--- Collected data Enclosed Below ---

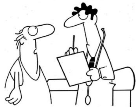
"I must be in the autumn of my life. I feel like a pile of wet leaves."
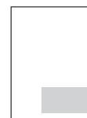
1/6 Horizontal 4.5h x 2.375w
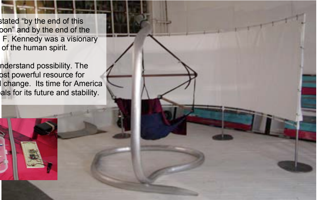
Pictured Passage2 in my studio 2004, the tree chair is suspended by 30 ft. bent aluminum tubing, surrounded by a flexible video screen. To the left is the accelerometer and microprocessor that alter the projected visuals.

It takes vision in order to understand possibility. The human spirit itself is the most powerful resource for knowledge, innovation and change. Its time for America set some new visionary goals for its future and stability.

--- End of Enclosed Collected data ---

Work instructions » Print the whole listing exactly, please, and keep any images out of it.

Final answer »
"I must be in the autumn of my life. I feel like a pile of wet leaves."
1/6 Horizontal 4.5h x 2.375w
Pictured Passage2 in my studio 2004, the tree chair is suspended by 30 ft. bent aluminum tubing, surrounded by a flexible video screen. To the left is the accelerometer and microprocessor that alter the projected visuals.

It takes vision in order to understand possibility. The human spirit itself is the most powerful resource for knowledge, innovation and change. Its time for America set some new visionary goals for its future and stability.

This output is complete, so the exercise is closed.